We report a case of possible encephalopathy after receiving the first dose of Iran's COVIran Barekat vaccine. The patient had no history of neurological or mental illness. Clinical examinations and radiology reports were performed and differential diagnoses were analyzed by the treatment team. Finally, the possible association between vaccination and encephalopathy was concluded.

INTRODUCTION

The global SARS‐CoV‐2 pandemic has led to a respiratory infection that presents with a variety of clinical symptoms. Although the pulmonary manifestations of COVID‐19 have been described in most articles, the neurological consequences of the virus have been less studied. The lack of definitive treatment for this disease has led to an unprecedented worldwide effort to develop an effective vaccine against the virus. One of these vaccines produced in Iran is the complete vaccine of inactivated SARS‐CoV‐2 virus called COVIran Barekat, which is still in the third stage of clinical trials, but due to the fact that in initial clinical reports, this vaccine has shown sufficient safety and efficacy, an emergency use permit was issued in Iran in June 2021.

COVIran Barekat is an inactivated virus‐based vaccine. Also, in the formulation of this vaccine, adjuvants have been used with the aim of increasing and/or modulating the inherent immunogenicity of the antigen in order to create strong and long‐lasting immune responses. This factor significantly reduces the amount of antigen and/or the total number of booster injections needed to achieve the required immune responses.

Like any vaccine, COVID‐19 vaccines of any kind can cause side effects, most of which are mild to moderate and go away on their own within a few days. The neurological side effects are usually mild, self‐limiting, and controllable. However, in some cases, these complications may become so severe that the person may need to be hospitalized or even admitted to the intensive care unit (ICU). These complications can rarely lead to death.

Despite the possible association of vaccine injection with neurological complications, it is vital to consider more important causes of encephalitis including CNS infections, septic encephalopathy, metabolic encephalopathy, drug toxicity, cerebrovascular disease, neoplastic disorders, epileptic disorders, and rheumatic disorders.

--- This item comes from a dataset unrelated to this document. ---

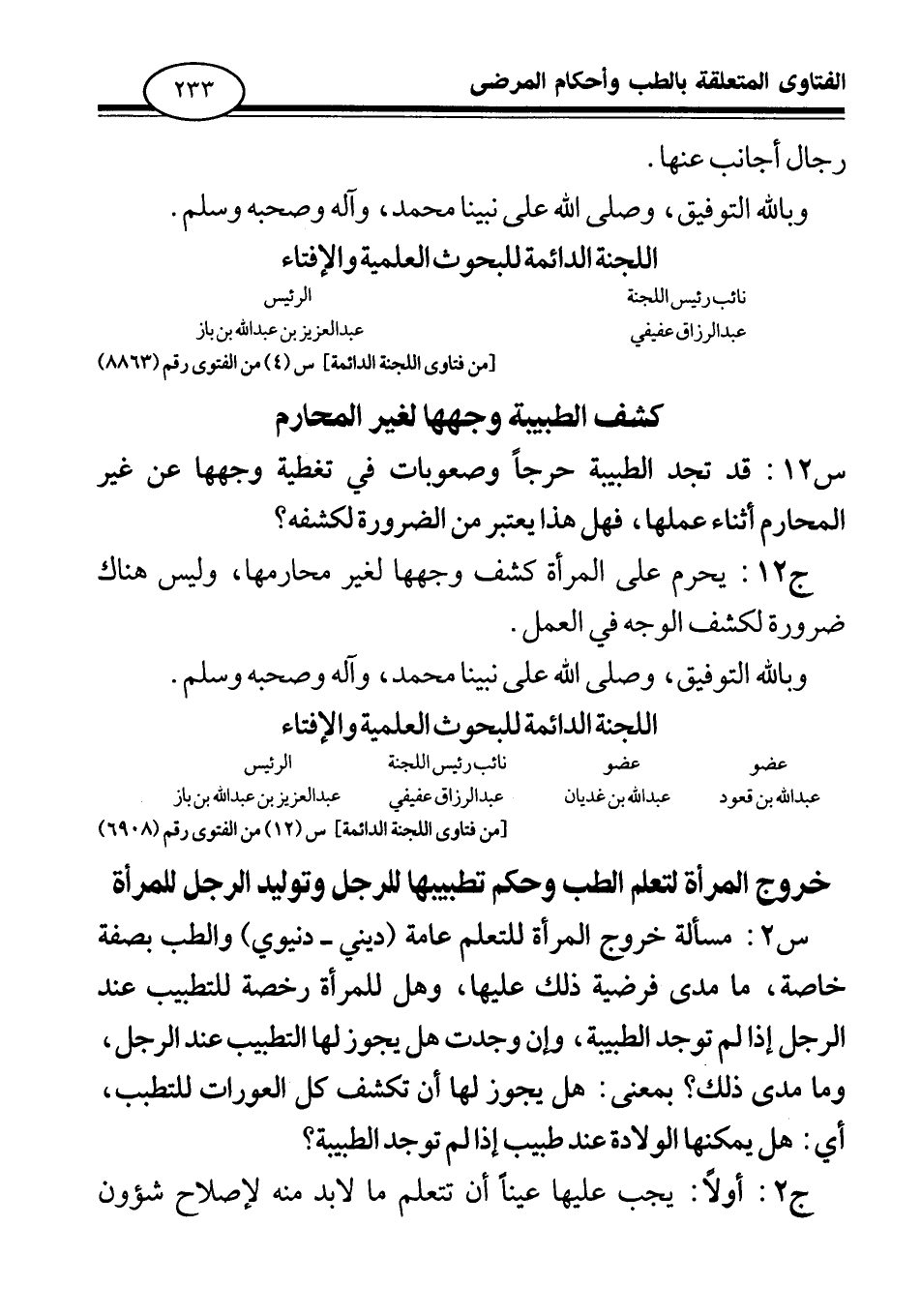 خروج المرأة لتعلم الطب وحكم تطبيبها للرجل وتوليد الرجل للمرأة

The exact mechanism of encephalopathy following COVID‐19 vaccines is not known, but vaccines can cause autoimmunity in humans through a specific mechanism of molecular mimicry, which can be enhanced by an immunological adjuvant, or a non‐specific activating mechanism. , , In general, vaccination can induce pro‐inflammatory cytokines and T‐cell responses. Peripheral pro‐inflammatory cytokines that are expressed after vaccination can lead to neuroinflammation and encephalitis when they reach the brain.

Here, we present a patient with autoimmune encephalitis whose symptoms started one day after receiving the first dose of COVIran Barekat vaccine.

CASE PRESENTATION

A 37‐year‐old man with no previous history of illness or medication was taken to the hospital emergency room due to decreased level of consciousness. The patient developed hallucinations, photophobia, and aphasia one day after the first dose of the COVIran barekat vaccine. followed by loss of consciousness, fever, and abnormal movements of the upper and lower limbs. He has no recent travel history, alcohol or drug use, or high‐risk sexual behaviors.

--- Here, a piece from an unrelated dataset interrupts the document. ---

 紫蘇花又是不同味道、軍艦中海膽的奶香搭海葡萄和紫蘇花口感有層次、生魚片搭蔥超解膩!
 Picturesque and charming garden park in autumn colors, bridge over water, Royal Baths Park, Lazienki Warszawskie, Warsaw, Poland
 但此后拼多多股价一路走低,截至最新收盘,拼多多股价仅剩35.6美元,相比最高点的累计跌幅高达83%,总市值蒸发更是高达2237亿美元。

In the initial assessment, body temperature was 38.9 frontally, blood pressure (BP) was 110/90 mmHg, respiratory rate (RR) was 22 breaths/min, and heart rate (HR) was 98 beats/min. Oxygen saturation in room air was 95%. A random blood glucose of 190 mg/dL was recorded by a glucometer. Both pupils were medium in size and responded to light. Neck stiffness was determined on head and neck examination. Pulmonary auscultation was significant for fine basilar crackles of the left lower lung. On neurological examination, the patient had no response, episodic jerky movement of the whole body without focal neurological deficit. Fundoscopy was normal.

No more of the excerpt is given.